The case of A letter to David is so particular that if it were fiction, it would be accused of being simply implausible. Twelve years ago, the film Youth by director Tom Shoval was presented in Berlin. It starred two twin brothers, Eitan and David Cunio. It tells the story of the kidnapping of a young woman. Time passes, and on October 7, a decade after the Cunio brothers' debut as actors, one of them, David, is himself kidnapped along with his younger brother Ariel. The documentary, produced by Nancy Spielberg (sister of Steven), mixes real-time destruction and anxious waiting (they are still kidnapped) with archive footage of the family and scenes from both the casting and the movie that the two brothers starred in, now separated by an abyss. A strange sense of unreality pervades every second of a film that moves with equal ease and pain through fantasy, horror, and simple fear.
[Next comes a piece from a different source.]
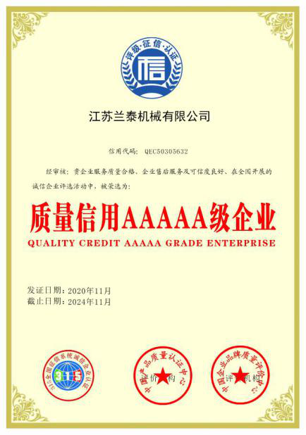 2020-Lantai Company won the honorary title of “Quality Credit AAAAA Level Enterprise”.

There is also room for hope, but less.

In other words, there is little or nothing to object to in the selection of each of the works from the point of view of their timeliness, quality, and depth. The only objectionable thing, in fact, is their loneliness. It is still incomprehensible that there is nothing in this edition that reflects Palestinian suffering. That is, if the festival acknowledges as a mistake, as it seems to have done, leaving out the Israeli drama as it did last year. This year, the same mistake is made. But in reverse.

The new festival director, Tricia Tuttle, warned at the start of the event that freedom of expression would be respected, that everyone could display the symbols they wanted, but, of course, within the law. That is, just as German law prohibits swastikas as symbols of hate, the State of Berlin does not allow the expression "From the river to the sea" for inciting hatred (assuming that hatreds can be distinguished from each other), to the extermination of the State of Israel. Far from having achieved any peace, the Berlinale already has its first conflict in the courts. Last Saturday, Hong Kong filmmaker Jun Li read out words from his lead actor, the Iranian Erfran Shekarriz, absent in the German capital for all the reasons explained earlier, during the presentation of the film Queerpanorama. And what was on his phone? Indeed: "From the river to the sea, Palestine will be free." Who should the police pursue? The attentive reader or the absent author? And so on.

Any comparison is inappropriate, but it seems clear that the mistakes of the past insist on being as large as those of the present.